Maharashtra’s Gross Enrollment Ratio (GER) is better than the national average, but spread of education in the state is confined to a few regions, a recent survey has found. The overall GER for India is 25.8 but 31.1 for Maharashtra.
GER is the number of people enrolling in higher education out of every 100 people in the eligible age group of 18-23 years.
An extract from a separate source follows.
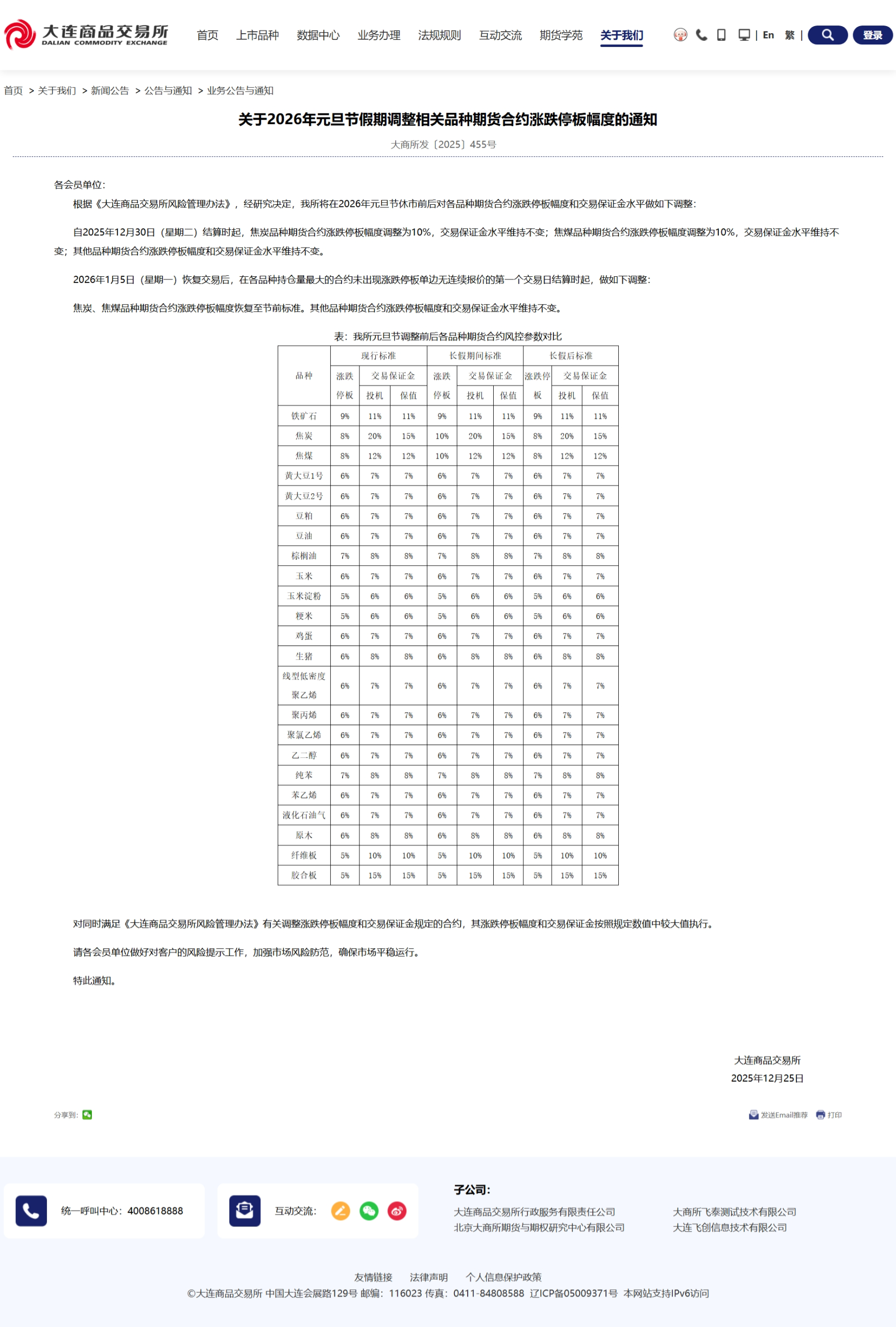 转发关于2026年元旦节假期调整相关品种期货合约涨跌停板幅度的通知

While the GER is above 40 in regions such as Kolhapur, Pune, Aurangabad, Amravati and Nagpur, it is lower than 15 in Gadchiroli, Yavatmal, Washim, Buldhana, Parbhani and Latur regions. In districts under MU, the overall GER is highest in Mumbai (52.7) compared to other districts such as Thane and Palghar, Raigad, Ratnagiri and Sindhudurg, where the GER is less than half of Mumbai. The worst GER in regions belonging to MU was among Scheduled Tribes in Thane and Palghar (6.37) and Ragaid (5.9) districts.
Compiled in a book titled, “Re-engineering Status of Higher Education in Maharashtra”, the survey is based on one lakh respondents across 11 non-agricultural state universities, of which 65,000 were students. Authored by Professor B N Jagtap, Principal Anil Rao and Anand Mapuskar, the book having consolidated data, analysis and guidelines was released on Monday by Governor Bhagat Singh Koshyari.
“This (GER) viewed from a different perspective also means that the spread of higher education becomes interconnected with the economic status of a district under consideration. In such a situation, positive intervention by the university and the government is needed to bring educationally backward districts in the fold of higher education,” the book says.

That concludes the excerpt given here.